“I Bind Unto Myself Today”: St. Patrick, Revisited
Photo by Nik Shuliahin on Unsplash
In a world going to war — at home, again, and in SWANA (Southwest Asia and North Africa) — it could feel crass to ask us to take up the armor of God. But I am not speaking of the armor that comes with clanging cymbals and America-first idolatries.
I am speaking of the tender breast of Ireland’s patron saint, Saint Patrick. Though famous more in this country for green-dyed rivers and a splitting hangover, Patrick is a saint revered for his generous sharing of the Gospel in Ireland. But he was not born in Ireland; he was born somewhere in present-day Great Britain.

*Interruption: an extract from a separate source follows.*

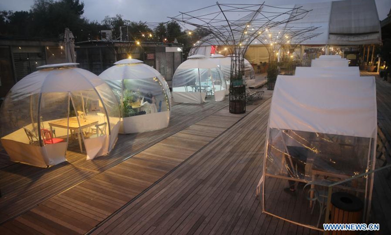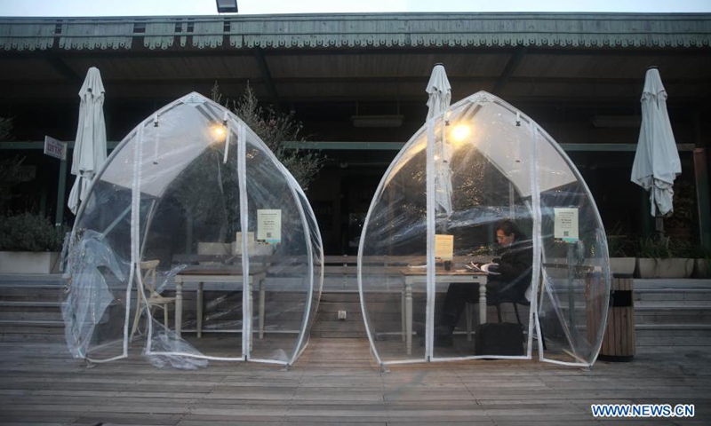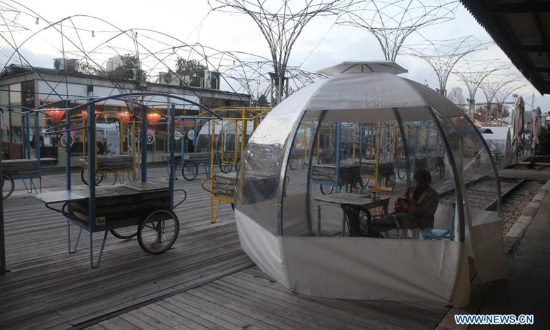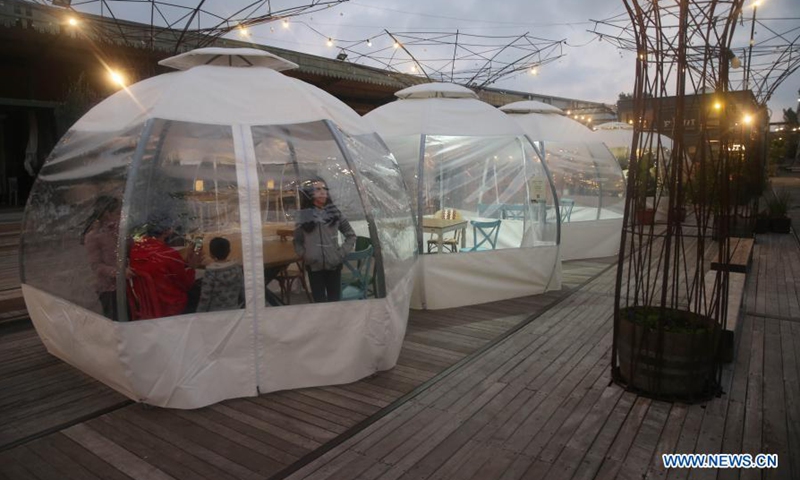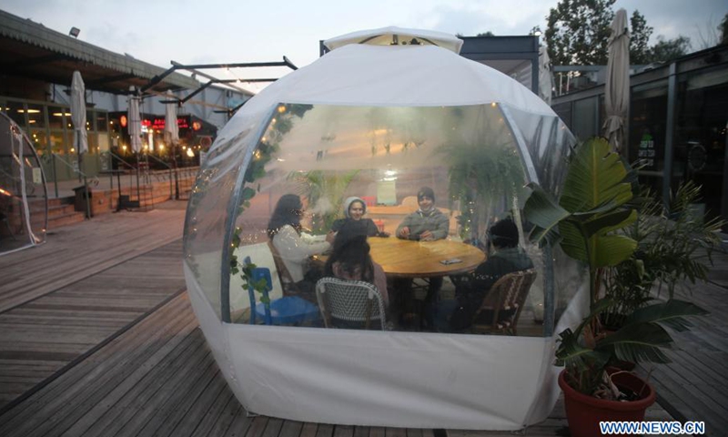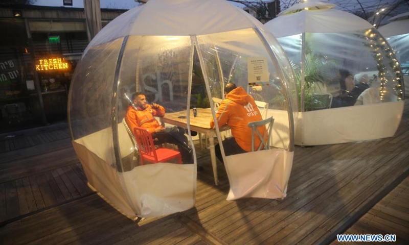 People sit in an outdoor dining bubble amid the COVID-19 pandemic in Jerusalem, on Feb. 5, 2021.Photo:Xinhua

Until he was kidnapped, as a child, and trafficked into slavery. While he was enslaved he began experiencing ecstatic visions and converted to Christianity. He eventually escaped — critical, I think, for us today to note his conversion did not make him meek to chains, but bound to know freedom more intimately. And returned home to Britain … only to eventually return and make his home in the land of his captivity, baptizing thousands of people, including with the explicit intent of finding his captors. Not to seek revenge. Not to obliterate them. Not to harm them.
“I bind unto myself today
the power of God to hold and lead,
his eye to watch, his might to stay,
his ear to hearken, to my need;”
To baptize them.
And, look: I know baptism has been used as a forcible means of Christian hegemonic power. But in a hermeneutic of generosity, I suspect Patrick wanted to baptize his former captors because he could see how the chains of enslavement bind even its purported victors into sin. Slavery binds even the “masters” into submission to evil. Slavery denies the God-bearing image inherent to all people; should you see in the eyes of the ones you oppress your own salvation, you might know you have no freedom at all.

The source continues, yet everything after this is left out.